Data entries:

◇ ◇ ◇

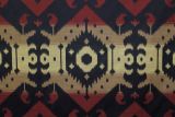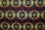 This is a gorgeous woven fabric featuring a large Ikat pattern in colors including rust, black and brown.
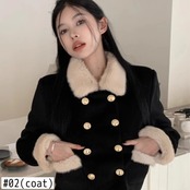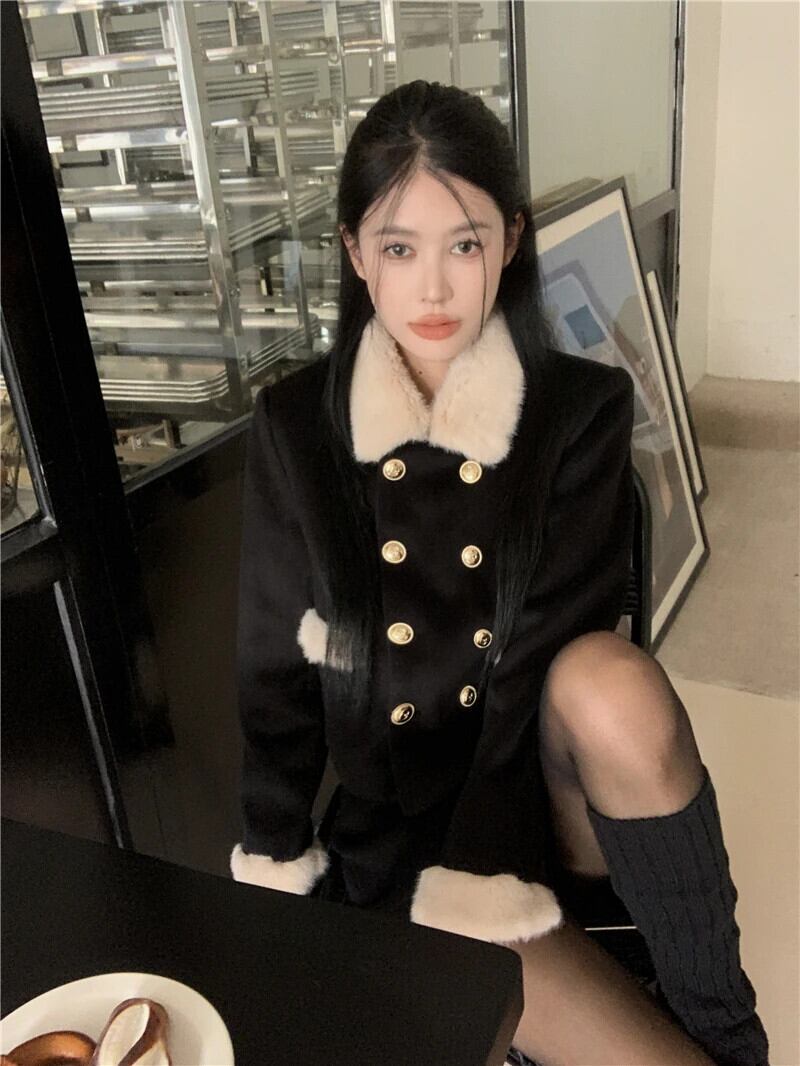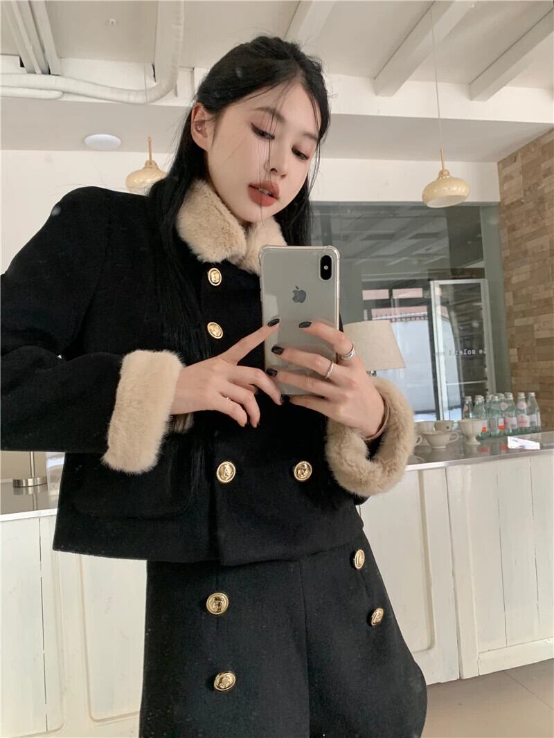 甘いホットガールスーツ冬厚い毛皮襟ダブルブレストジャケットストレートチューブルーズショーツ 2 点セット 大人ガーリー スウィート キュート カジュアル ウィンター 冬物 ブルマー
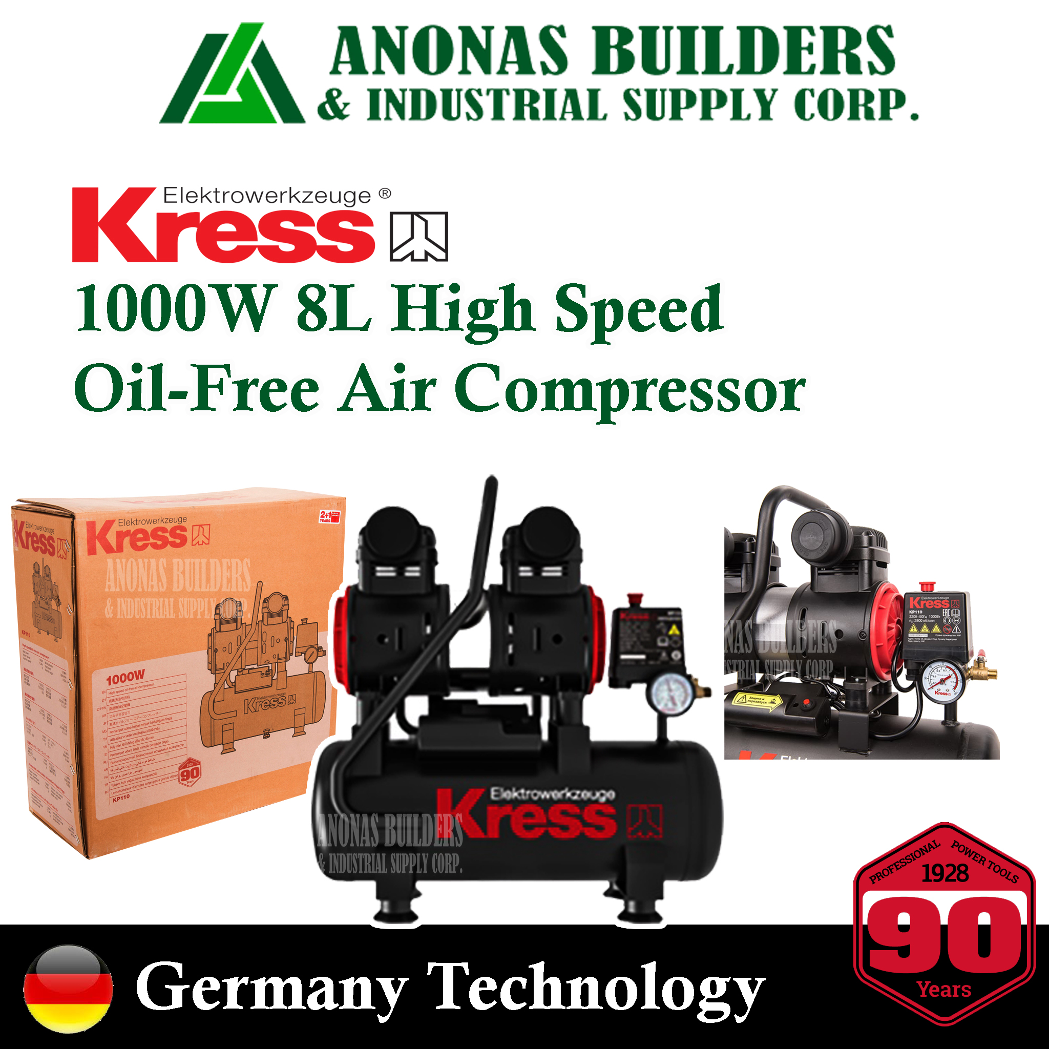 Home/Industrial Equipment/Air Compressors/Kress 1000Watts 8L High Speed Oil-Free Air Compressor KP110
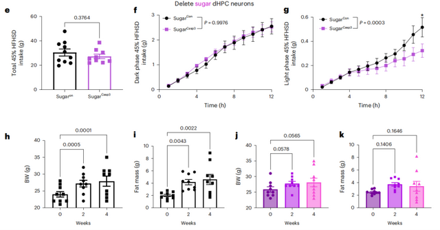 在高脂高糖饮食条件下,小鼠走向肥胖似乎是必然。如果在这种时候破坏糖反应性背侧海马神经元,与对照组相比,小鼠的总体食物摄入量不会发生变化,但是进食频率降低,体重和脂肪量保持稳定,显著低于对照组小鼠;破坏脂肪反应性神经元,小鼠10天内对高脂饮食的摄入量减少了60%,体重停止增加。
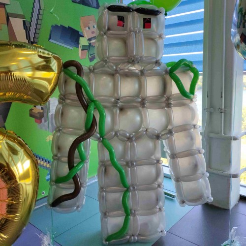 Чудова іграшка для привітання з Днем народження – Залізний Голем із повітряних кульок, виконаний у стилі популярної гри Minecraft.

◇ ◇ ◇

Requirement
In the records above, find the line that contains "Home/Industrial Equipment/Air Compressors/Kress". Print it and every later line exactly, omitting the pictures.

Finished task
 Home/Industrial Equipment/Air Compressors/Kress 1000Watts 8L High Speed Oil-Free Air Compressor KP110
 在高脂高糖饮食条件下,小鼠走向肥胖似乎是必然。如果在这种时候破坏糖反应性背侧海马神经元,与对照组相比,小鼠的总体食物摄入量不会发生变化,但是进食频率降低,体重和脂肪量保持稳定,显著低于对照组小鼠;破坏脂肪反应性神经元,小鼠10天内对高脂饮食的摄入量减少了60%,体重停止增加。
 Чудова іграшка для привітання з Днем народження – Залізний Голем із повітряних кульок, виконаний у стилі популярної гри Minecraft.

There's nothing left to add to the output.